━━━━━ TASK INPUT

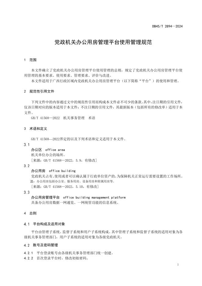 DB45/T 2894-2024 党政机关办公用房管理平台使用管理规范
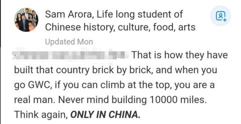 中国,是中国人一砖一瓦铸造的,如果你去长城爬到顶上,就已经是一个真汉子了,更别说还要搬砖建造1万英里的城墙了。想想吧,这只会发生在中国。
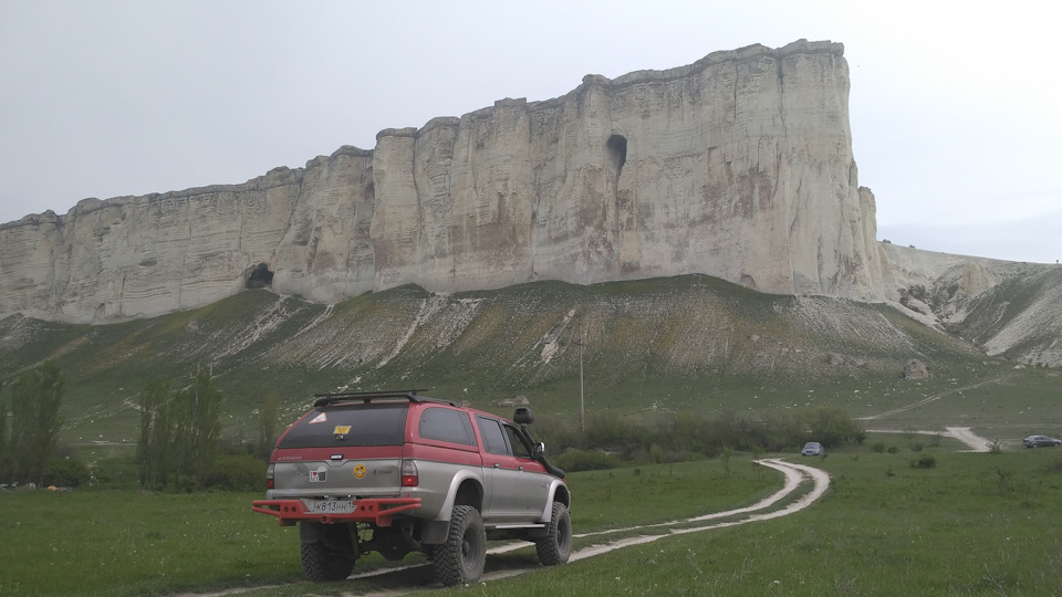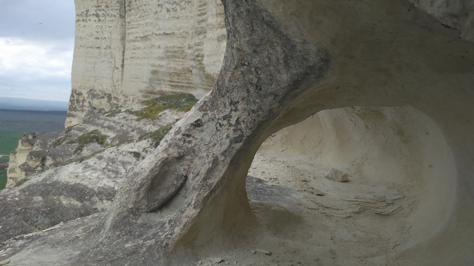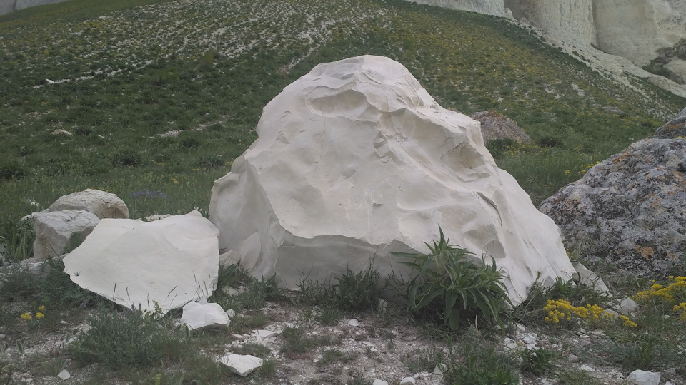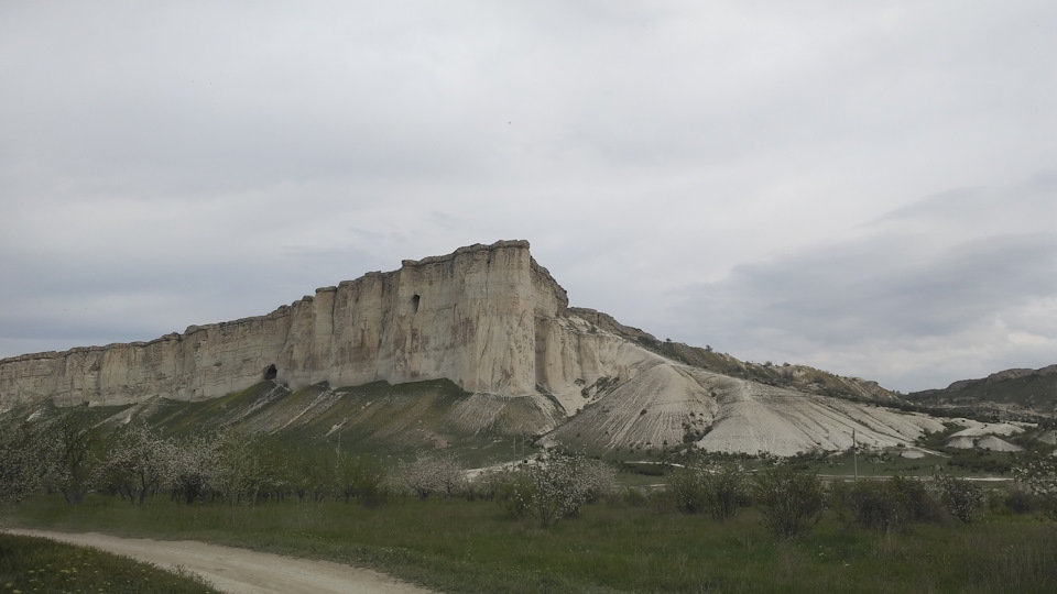 Белая скала конечно впечатляет. Огромный монолит, возвышающийся над плоскостью. Погода только была не очень для фотографий. Серое небо скрадывает контраст. Когда смотришь в гугле фотки Ак-Каи в солнечную погоду, то выглядит это все более эпично. Белый-то камень на фоне зеленой травы и голубого неба. Но не сложилось :(
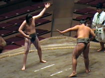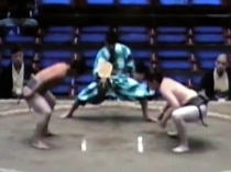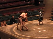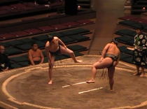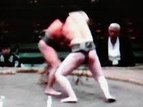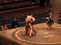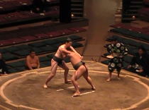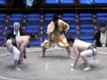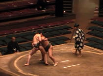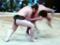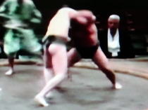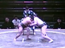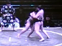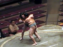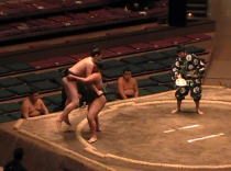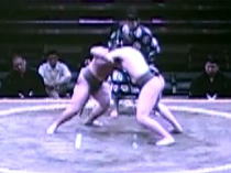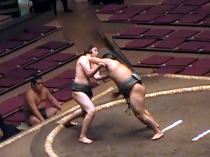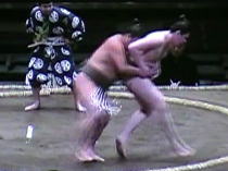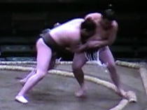 この日の相手は隆斎藤。立ち会いの呼吸が合わず、2度目の立ち会いで両者がっぷり四つになる。、
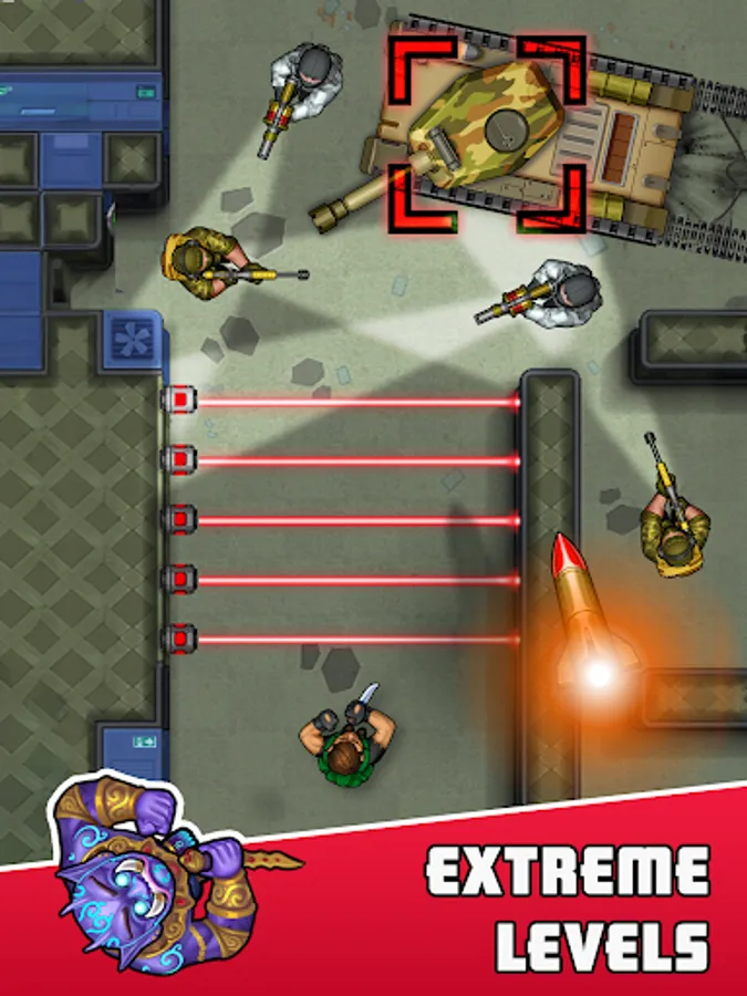 Whether it's running and hiding you have to play your cards right. Activate laser traps to lure enemies into your trap, then strike with precision and take them all down. With freeze mines and rockets flying towards you, you will need to be quick and cunning to succeed.
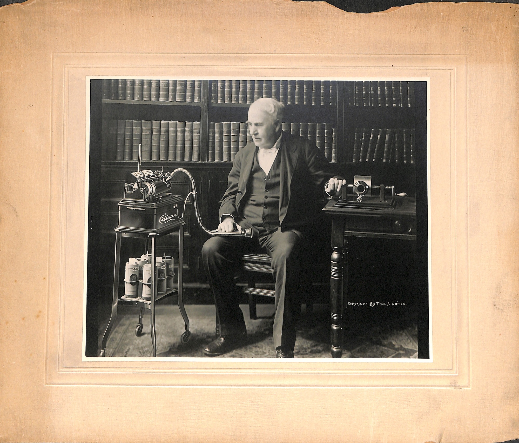 Thomas Edison with dictating machine and phonograph.
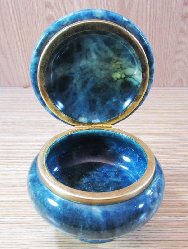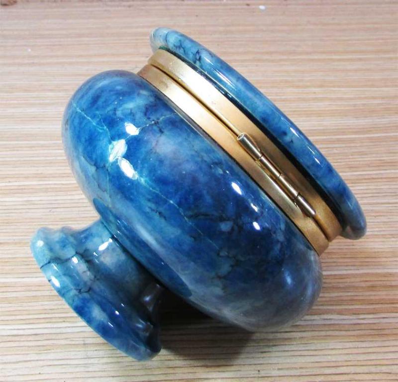 VİNTAGE, İTALYAN MENŞEİLİ,ÇOK GÜZEL VE ZARİF DEKORATİF KUTU, RENKLENDİRİLMİŞ ALABASTER-KAYMAK TAŞINDAN OYULMÜŞ, KALIN VE DOLGUN YAPILI, MEVCUDU İLE SAĞLAM VE TEMİZ, KAPALI HALDE YÜKSEKLİĞİ 9cm,ÇAP GENİŞLİĞİ 7,5cm
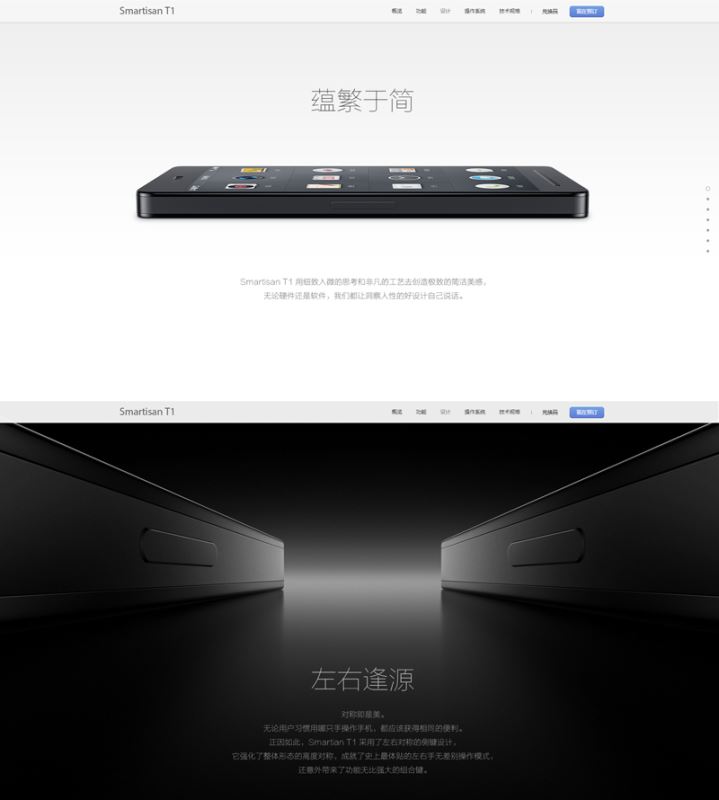 這是錘子T1的頁面設計,雖然好多人都不喜歡老羅,但是我覺得他有對設計特有的一種完美主義的偏執,無論是手機的外型(各種對稱)還是系統UI的設計,我覺得作為設計師我還應該多向他學習一下。回到頁面設計本身,我們來分析一下這個頁面的設計。
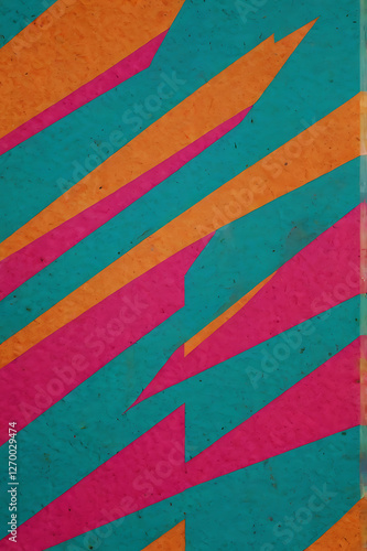 Retro 80s inspired background with bold diagonal stripes in vibrant teal, hot pink, and sunny orange, overlaid with a grainy VHS texture.
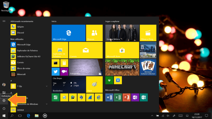 1. O primeiro passo é abrir o menu Iniciar e clicar em Definições.
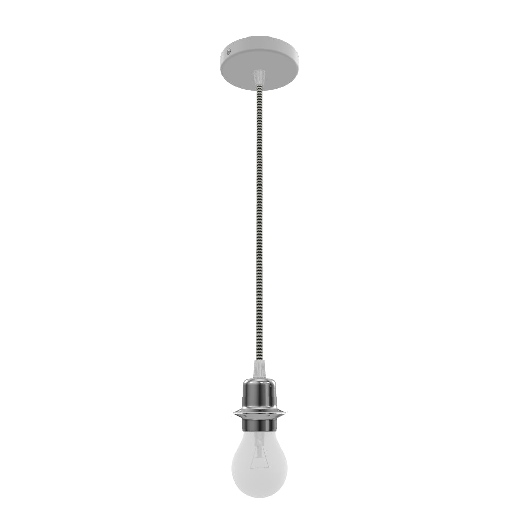 Σετ αναρτήσεως με λευκή λακαρισμένη κυκλική βάση, υφασμάτινο καλώδιο και μεταλλική βάση E27.Κατάλληλο για αυτόνομη χρήση ή για προσάρτηση σκιάστρων. Κατάλληλα σκίαστρα: ARISTA, DELI, JAKARANDA, DOUBLE 40/30, DOUBLE 55/30, ASPRO 40/30, RON 40/25, RON 55/30, RON 60/19, TEMPO 30/19, TEMPO 50/19.
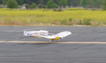 The first flight went very well although the performance was down. but the control seemed adequate as the pilot made a smooth takeoff, turn downwind and then turn to a smooth landing. A second flight was made with a different propeller which had indicated superior performance in a prior analysis. In the event the pilot was barely able to complete the circuit but made a satisfactory landing with out damaging the model.
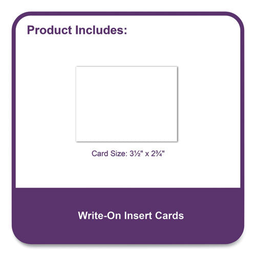 Eliminate the potential for damage associated with staples and paper clips. Self-adhesive holders are extremely convenient -- simply peel, stick and apply to any clean, flat surface. Durable, PVC-free material provides reliable protection and a professional appearance. Top Load Labeling Pockets—Includes customizable cardstock inserts. Color(s): Clear; Size: 3.75" x 3"; Load Style: Top; Material(s): Poly.

━━━━━━━━━━

■ ACTIVITY: When you reach the line with "中国,是中国人一砖一瓦铸造的" in the records above, begin repeating the lines exactly, and stop after the line with "VİNTAGE, İTALYAN MENŞEİLİ,ÇOK". Skip all pictures.

■ ANSWER AREA:
 中国,是中国人一砖一瓦铸造的,如果你去长城爬到顶上,就已经是一个真汉子了,更别说还要搬砖建造1万英里的城墙了。想想吧,这只会发生在中国。
 Белая скала конечно впечатляет. Огромный монолит, возвышающийся над плоскостью. Погода только была не очень для фотографий. Серое небо скрадывает контраст. Когда смотришь в гугле фотки Ак-Каи в солнечную погоду, то выглядит это все более эпично. Белый-то камень на фоне зеленой травы и голубого неба. Но не сложилось :(
 この日の相手は隆斎藤。立ち会いの呼吸が合わず、2度目の立ち会いで両者がっぷり四つになる。、
 Whether it's running and hiding you have to play your cards right. Activate laser traps to lure enemies into your trap, then strike with precision and take them all down. With freeze mines and rockets flying towards you, you will need to be quick and cunning to succeed.
 Thomas Edison with dictating machine and phonograph.
 VİNTAGE, İTALYAN MENŞEİLİ,ÇOK GÜZEL VE ZARİF DEKORATİF KUTU, RENKLENDİRİLMİŞ ALABASTER-KAYMAK TAŞINDAN OYULMÜŞ, KALIN VE DOLGUN YAPILI, MEVCUDU İLE SAĞLAM VE TEMİZ, KAPALI HALDE YÜKSEKLİĞİ 9cm,ÇAP GENİŞLİĞİ 7,5cm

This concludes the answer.